Data for analysis:
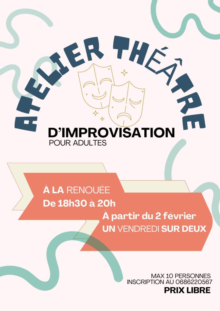 Venez vous initier au théâtre d’improvisation avec Julie ! A la renouée, de 18h 30 à 20h.
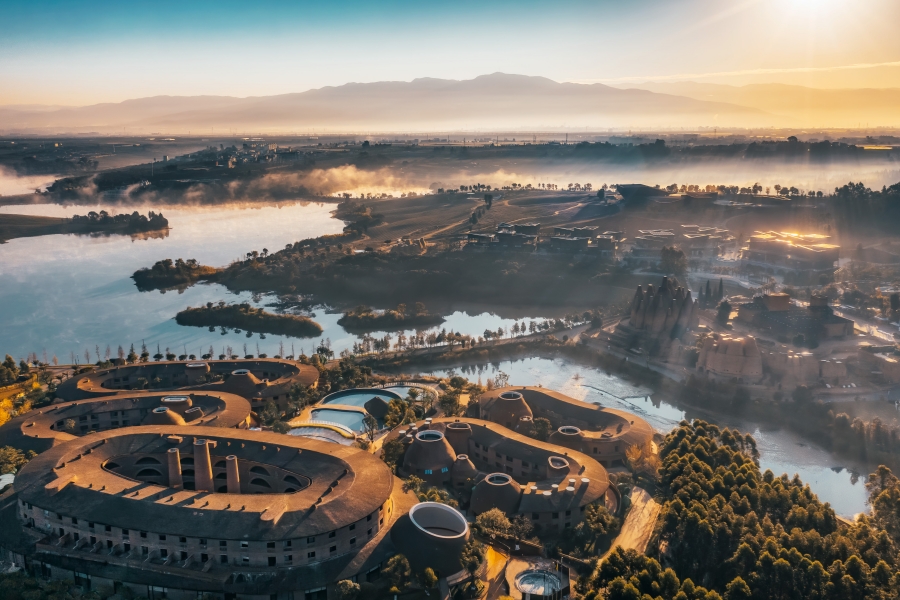 东风韵国际康养旅游度假区特色建筑群(摄于9月18日)。新华网发(供图)
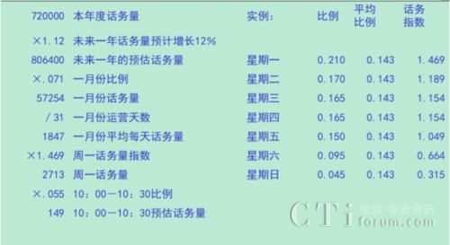 在上圖所示的比例分解過程中,我們假設(shè)去年的總來電量為720000個。在此基礎(chǔ)上,根據(jù)市場、銷售預(yù)測以及過去幾年歷史數(shù)據(jù)增長趨勢等數(shù)據(jù)測算出未來一年的話務(wù)量預(yù)計增長12%。這樣我們就得到了預(yù)計未來一年的總來電量為806400個。根據(jù)歷史數(shù)據(jù)的測算分析,一月份的來電量通常占全年總來電量的7.1%,因此明年一月份的來電量預(yù)計為57254個。由于呼叫中心是7X24小時運(yùn)營的,所以一月份平均每天的來電量為57254/31=1847個。由于大多數(shù)呼叫中心的來電量規(guī)律是以一周為周期循環(huán)波動的,因此我們接下來要測算四個(或五個)周一的話務(wù)指數(shù),以覆蓋四個或五個周一的來電量情況。我們用周一來電量占全周來電量的相對比例除以其七分之一的絕對比例,得出周一的來電量指數(shù)為1.469,也就是說,周一的來電量是相對較多的,相當(dāng)于一周日平均來電量的約147%。由此我們得出周一話務(wù)量為2713個。然后我們再根據(jù)由歷史數(shù)據(jù)測算出的周一一天中48個半小時時段占全天來電量的比例測算出周一上午10:00-10:30的來電量為149個。剩下的周二至周日都可以采用同樣的方法來推算預(yù)測。
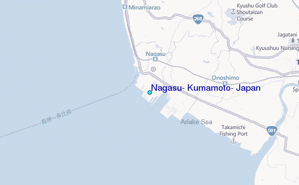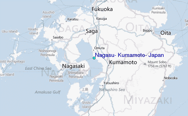 Use this relief map to navigate to tide stations, surf breaks and cities that are in the area of Nagasu, Kumamoto, Japan.
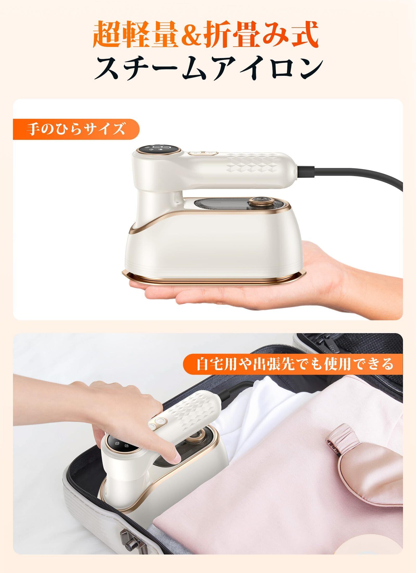 【2025新バージョン】eue アイロン スチームアイロン【3段階スチーム量調節&LEDディスプレイ】衣類スチーマー シワ伸ばし 折畳み式 10秒立ち上がり 150℃高温 除菌 脱臭 ハンドル180°回転 携帯アイロン 軽量 小型 ハンディ 家庭 出張(ホワイト)
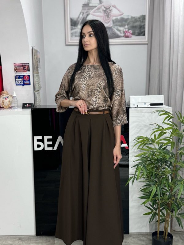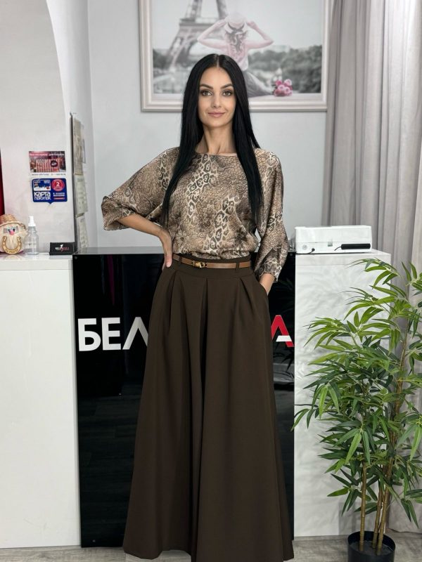 Брюки-юбка в коричневом цвете . Спереди встречные защипы, которые расширяют брюки к низу. Сзади резинка и молния. В боковых швах карманы. РЕМЕНЬ В КОМПЛЕКТ НЕ ВХОДИТ!

About this exercise: In your reply, please set down exactly the lines from the one containing "ハンディ 家庭 出張(ホワイト)" through the end of the records, with the pictures left out.

Answer section:
 【2025新バージョン】eue アイロン スチームアイロン【3段階スチーム量調節&LEDディスプレイ】衣類スチーマー シワ伸ばし 折畳み式 10秒立ち上がり 150℃高温 除菌 脱臭 ハンドル180°回転 携帯アイロン 軽量 小型 ハンディ 家庭 出張(ホワイト)
 Брюки-юбка в коричневом цвете . Спереди встречные защипы, которые расширяют брюки к низу. Сзади резинка и молния. В боковых швах карманы. РЕМЕНЬ В КОМПЛЕКТ НЕ ВХОДИТ!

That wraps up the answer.